A poset is graded if it admits a rank function. For more information about the rank function, see rank_function() and is_ranked().
EXAMPLES:
sage: P = Poset([[1],[2],[3],[4],[]])
sage: P.is_graded()
True
sage: Q = Poset([[1,5],[2,6],[3],[4],[],[6,3],[4]])
sage: Q.is_graded()
False
Returns True if x is greater than but not equal to y, and False otherwise.
EXAMPLES:
sage: from sage.combinat.posets.hasse_diagram import HasseDiagram
sage: Q = HasseDiagram({0:[2], 1:[2], 2:[3], 3:[4], 4:[]})
sage: x,y,z = 0,1,4
sage: Q.is_greater_than(x,y)
False
sage: Q.is_greater_than(y,x)
False
sage: Q.is_greater_than(x,z)
False
sage: Q.is_greater_than(z,x)
True
sage: Q.is_greater_than(z,y)
True
sage: Q.is_greater_than(z,z)
False
Returns True if self has a join operation, and False otherwise.
EXAMPLES:
sage: from sage.combinat.posets.hasse_diagram import HasseDiagram
sage: H = HasseDiagram({0:[1,3,2],1:[4],2:[4,5,6],3:[6],4:[7],5:[7],6:[7],7:[]})

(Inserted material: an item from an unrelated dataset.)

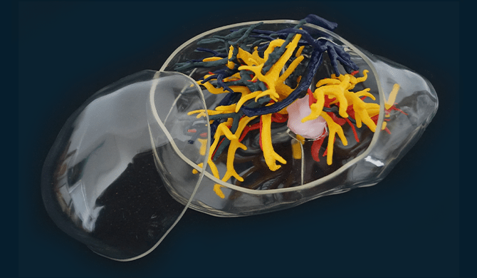 - 肝臓の腫瘍を様々な角度から確認したいため、腫瘍以外の部位は透明樹脂で製作したい。

sage: H.is_join_semilattice()
True
sage: H = HasseDiagram({0:[2,3],1:[2,3]})
sage: H.is_join_semilattice()
False
sage: H = HasseDiagram({0:[2,3],1:[2,3],2:[4],3:[4]})
sage: H.is_join_semilattice()
False
Returns True if i is less than or equal to j in the poset, and False otherwise.
Note
If the lequal_matrix() has been computed, then this method is redefined to use the cached matrix (see _alternate_is_lequal()).
TESTS:
sage: from sage.combinat.posets.hasse_diagram import HasseDiagram
sage: H = HasseDiagram({0:[2], 1:[2], 2:[3], 3:[4], 4:[]})
sage: x,y,z = 0, 1, 4
sage: H.is_lequal(x,y)
False
sage: H.is_lequal(y,x)
False
sage: H.is_lequal(x,z)
True
sage: H.is_lequal(y,z)
True
sage: H.is_lequal(z,z)
True
Returns True if x is less than or equal to y in the poset, and False otherwise.
TESTS:
sage: from sage.combinat.posets.hasse_diagram import HasseDiagram
sage: H = HasseDiagram({0:[2], 1:[2], 2:[3], 3:[4], 4:[]})
sage: x,y,z = 0, 1, 4
sage: H.is_less_than(x,y)
False
sage: H.is_less_than(y,x)
False
sage: H.is_less_than(x,z)
True
sage: H.is_less_than(y,z)
True
sage: H.is_less_than(z,z)
False
TESTS:
sage: from sage.combinat.posets.hasse_diagram import HasseDiagram
sage: H = HasseDiagram({0:[1,2],1:[3],2:[3],3:[]})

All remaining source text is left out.